Woe to those relegated to the common bar. The bars with the uninspired drink selections and disaffected barkeep. The ones devoid of any semblance of ambiance or style. Bars that are 180-degrees from this…
This, dear reader, is the bar within The Beach House section of Sugar Reef, the elegantly cozy and eminently uncommon newest boutique hotel in Bequia. I spent a lot of time on those stools during my mid-summer stay at Sugar Reef a few months ago, though an excellent rum punch and ice-cold Hairoun beers weren’t the only things drawing me back here every night.
Like your typical common bar, Sugar Reef serves up a nice, salty treat for you to nosh on while enjoying your cocktails. Don’t look for the usual peanuts or pretzel treats, though. True to its roots as a former coconut plantation, Sugar Reef serves up bite-sized bowls of coco goodness!
I can’t remember if this stuff has a name, but I do vividly recall Sugar Reef’s bartender, Kenville (better known simply as “K”) telling me how simple it is to make.

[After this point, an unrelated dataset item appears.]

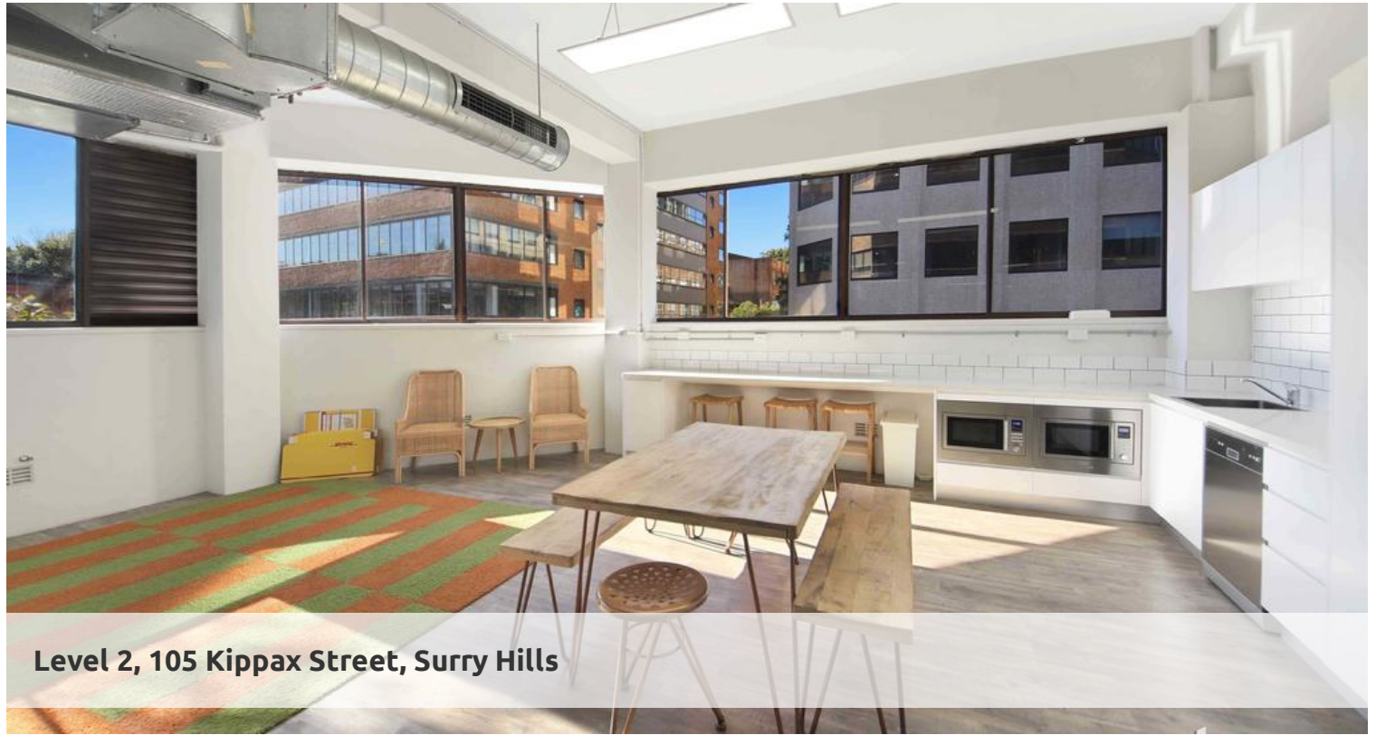
Level 2, 105 Kippax Street, Surry Hills

First, you’ll want to get your coconut meat separated from its shell (here’s one way) and washed thoroughly.
Step 2: create thin slices of your coconut meat. K told me they grate the coconut at Sugar Reef, but I decided to use a vegetable peeler in order to get longer slices.
Finally, saute your coconut in a wee bit of olive oil until it starts to get a little color. The longer slices I opted for took a little bit longer to cook than going the grated route (I tried it that way a few weeks ago), but both turned out just great!
In an effort to re-create a bit of the beachy Sugar Reef feel, I even added tons of sea salt. It’s not quite the same, of course, but sitting here now at the bar in my backyard, it’s still better than a boring bowl of peanuts.